Près d'un an après le lancement officiel, la Ville d'Innisfil alloue 350 000 $ supplémentaires pour poursuivre son projet pilote jusqu'en 2019 au moins. Les résidents peuvent se déplacer dans la ville en utilisant le service Uber comme mode de transport en commun.

Un texte de Marie-Hélène Ratel

Plutôt que créer des lignes d’autobus supplémentaires, la municipalité a mis sur pied en mai 2017 un partenariat avec Uber, dans le but d'assurer un meilleur service pour les quelque 36 500 habitants d’un vaste territoire rural.

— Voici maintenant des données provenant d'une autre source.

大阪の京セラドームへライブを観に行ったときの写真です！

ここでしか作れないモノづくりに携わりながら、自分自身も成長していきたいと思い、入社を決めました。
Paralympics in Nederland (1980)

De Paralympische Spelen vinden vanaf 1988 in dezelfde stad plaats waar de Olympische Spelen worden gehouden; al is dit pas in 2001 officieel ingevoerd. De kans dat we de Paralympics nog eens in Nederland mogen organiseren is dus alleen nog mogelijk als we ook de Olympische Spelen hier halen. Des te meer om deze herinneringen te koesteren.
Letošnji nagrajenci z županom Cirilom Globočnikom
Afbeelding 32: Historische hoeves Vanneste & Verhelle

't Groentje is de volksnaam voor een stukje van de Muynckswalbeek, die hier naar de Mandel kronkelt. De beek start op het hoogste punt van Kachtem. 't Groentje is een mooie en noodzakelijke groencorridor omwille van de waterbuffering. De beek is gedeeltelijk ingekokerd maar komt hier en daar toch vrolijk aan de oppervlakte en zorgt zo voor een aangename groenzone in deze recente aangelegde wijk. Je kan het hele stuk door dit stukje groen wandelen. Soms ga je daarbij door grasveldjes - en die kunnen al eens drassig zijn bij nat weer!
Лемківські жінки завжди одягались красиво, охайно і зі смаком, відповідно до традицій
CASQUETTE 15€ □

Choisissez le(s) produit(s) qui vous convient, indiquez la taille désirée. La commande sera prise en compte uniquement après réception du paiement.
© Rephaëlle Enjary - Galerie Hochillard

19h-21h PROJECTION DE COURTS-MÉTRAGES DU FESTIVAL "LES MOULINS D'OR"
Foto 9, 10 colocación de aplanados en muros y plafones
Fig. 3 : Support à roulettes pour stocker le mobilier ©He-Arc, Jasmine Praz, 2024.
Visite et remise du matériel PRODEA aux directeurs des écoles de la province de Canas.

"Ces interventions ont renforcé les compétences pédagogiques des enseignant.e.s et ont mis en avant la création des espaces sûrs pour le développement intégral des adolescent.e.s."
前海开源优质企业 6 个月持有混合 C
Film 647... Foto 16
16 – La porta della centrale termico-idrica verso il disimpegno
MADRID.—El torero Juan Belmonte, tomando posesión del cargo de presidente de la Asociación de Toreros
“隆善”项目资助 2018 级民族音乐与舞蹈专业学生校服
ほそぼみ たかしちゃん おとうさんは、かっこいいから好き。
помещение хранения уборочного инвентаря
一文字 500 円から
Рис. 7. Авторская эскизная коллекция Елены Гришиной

La municipalité estime économiser ainsi 8 millions de dollars par année.

Les usagers ne déboursent que de trois à cinq dollars pour les déplacements vers des lieux définis, comme certains centres communautaires, l’hôtel de ville, les arrêts d’autobus GO, la station de train GO au sud de Barrie et la succursale Lakeshore de la bibliothèque municipale.

Les autres déplacements vers des destinations sur demande sont aussi moins chers qu'en taxi.

La réponse de la communauté a été très positive depuis le lancement du projet.

Le résident Ryan Deane utilise le service presque toutes les fins de semaine. Il a remarqué une réduction considérable du coût, comparativement à des déplacements avec Uber dans d’autres villes.

Depuis les débuts, plus de 1300 chauffeurs d’Uber ont réalisé au moins un déplacement à Innisfil.

Jean Theriault fait partie de ce nombre. À la semi-retraite, il sert des clients six jours par semaine, 12 heures par jour. Il estime qu’il y a environ une douzaine de chauffeurs à Innisfil qui comme lui se sont créé un emploi à temps plein.

Depuis le lancement du projet, le maire d’Innisfil, Gord Wauchope, dit avoir échangé avec plusieurs maires de villes canadiennes, curieux d’en apprendre davantage sur l’efficacité du système.

Selon lui, il s’agit d’une solution optimale pour les municipalités de taille moyenne, semblable à Innisfil.

Le maire Wauchope croit que le projet pourrait être efficace encore plusieurs années, jusqu’à ce que la population dépasse les 50 000 habitants d’ici 2031.

À ce moment-là, explique-t-il, le conseil municipal devra se pencher sur la question et sans doute envisager l’ajout de lignes d’autobus.